**Data section:**

---------------

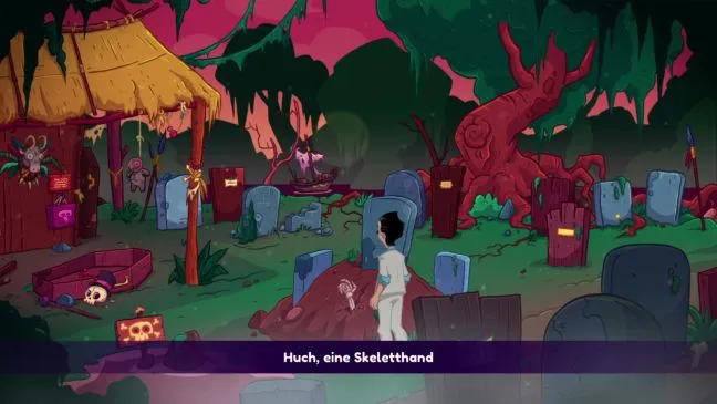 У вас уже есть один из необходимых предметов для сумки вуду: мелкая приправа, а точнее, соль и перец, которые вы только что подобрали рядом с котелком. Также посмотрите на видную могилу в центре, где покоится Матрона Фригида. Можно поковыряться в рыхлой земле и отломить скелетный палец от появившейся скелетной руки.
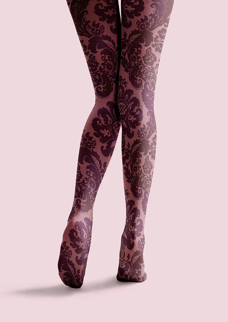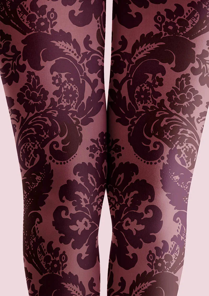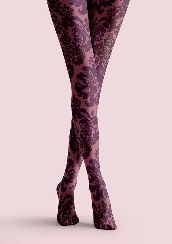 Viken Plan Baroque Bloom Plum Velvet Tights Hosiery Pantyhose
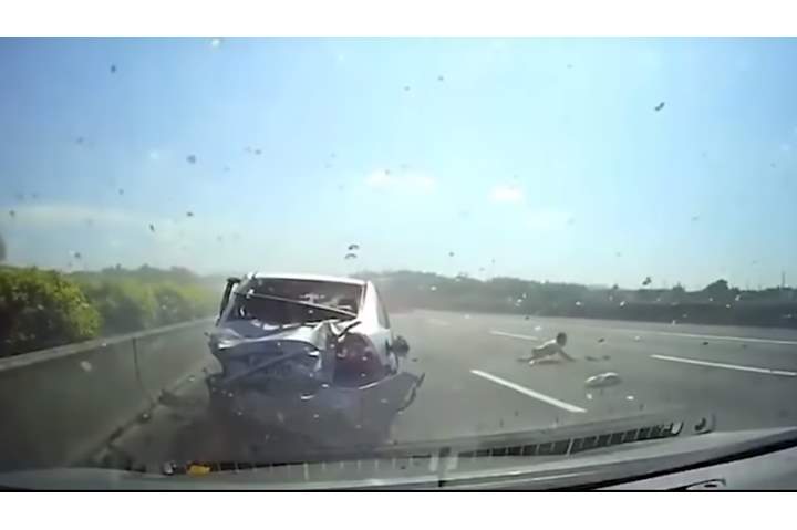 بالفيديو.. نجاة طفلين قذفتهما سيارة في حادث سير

---------------

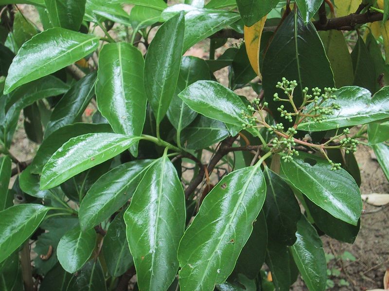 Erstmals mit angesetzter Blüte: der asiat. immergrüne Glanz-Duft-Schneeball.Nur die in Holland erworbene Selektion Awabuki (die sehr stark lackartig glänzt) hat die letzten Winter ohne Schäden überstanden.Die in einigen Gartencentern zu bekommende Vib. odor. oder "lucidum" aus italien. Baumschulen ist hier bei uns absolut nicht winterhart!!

---------------

**Work to be completed:** With the pictures omitted, restate word for word the lines above from the line that has "У вас уже есть" up to and including the line that has "بالفيديو.. نجاة طفلين", and no other lines.

**Response:**
 У вас уже есть один из необходимых предметов для сумки вуду: мелкая приправа, а точнее, соль и перец, которые вы только что подобрали рядом с котелком. Также посмотрите на видную могилу в центре, где покоится Матрона Фригида. Можно поковыряться в рыхлой земле и отломить скелетный палец от появившейся скелетной руки.
 Viken Plan Baroque Bloom Plum Velvet Tights Hosiery Pantyhose
 بالفيديو.. نجاة طفلين قذفتهما سيارة في حادث سير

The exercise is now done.